Откровенно говоря, Сергею было приятно наблюдать замешательство дельца. Фронтовика многое раздражало в фабриканте. Его хозяйская манера поведения, сытая вальяжность. Тогда как после двух лет войны на улицах преобладали черные траурные платья и суровые гимнастерки безликого защитного цвета, лощеный барин расхаживал в элегантно-жизнерадостном светлом костюме. Он имел вид богатого туриста, за которым вагонные проводники втащили несколько огромных чемоданов. Сотни тысяч людей гибли в окопах, терпели лишения, а такие вот дельцы разных мастей жирели на военных заказах.
Но если Сергей лишь подумал об этом, то его подруга не постеснялась в лицо высказать Ретондову все, что она о нем думает.

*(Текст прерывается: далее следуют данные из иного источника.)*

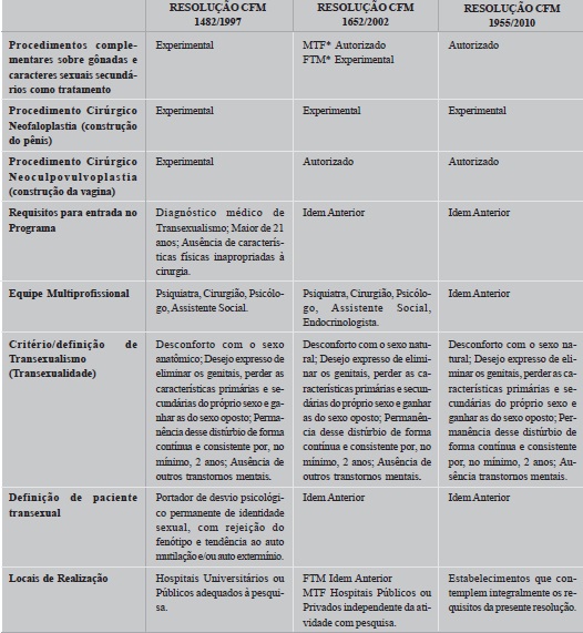 Ao observar a Tabela 1 percebe-se que não houve alterações na definição de transexualismo e em seus critérios entre a primeira e a última resolução do CFM. As portarias ministeriais que regulamentaram o processo transexualizador no SUS ora se orientaram pelas resoluções CFM, ora pela CID-10, ou não deixaram claro. Contudo, ao comprar as definições de transexualismo vê-se que, para o CFM (2010) é: "portador de desvio psicológico permanente de identidade sexual, com rejeição do fenótipo e tendência ao auto mutilação e/ou auto extermínio". Segundo o CID- 10 (OMS, 2008), "Trata-se de um desejo de viver e ser aceito enquanto pessoa do sexo oposto. Este desejo se acompanha em geral de um sentimento de mal estar ou de inadaptação por referência a seu próprio sexo anatômico e do desejo de submeter-se a uma intervenção cirúrgica ou a um tratamento hormonal a fim de tornar seu corpo tão conforme quanto possível ao sexo desejado".

— Сейчас в России хорошо живется лишь спекулянтам и капиталистам, — заявила Сонечка Стешнева. — На них пролился золотой дождь военных заказов. Газетчики сладострастно подсчитывают прибыли: пишут, что металлообрабатывающий завод братьев Бромлей с тысяча девятьсот четырнадцатого года уже получил почти восемьсот тысяч рублей прибыли. Владельцы завода Гужона заработали четыре миллиона рублей. Но главным финансовым рекордсменом называют завод «Богатырь», увеличивший прибыль с тысяча девятьсот четырнадцатого года в шесть раз! Еще больше обогатились банкиры. Гонку за прибылью оправдывают разными идейными мотивами и «купеческим духом». Однако нуворишами вроде вас движет только жажда наживы. Вы купаетесь в роскоши в своем мире, и вам дела нет до простых людей, которые теряют своих близких, голодают…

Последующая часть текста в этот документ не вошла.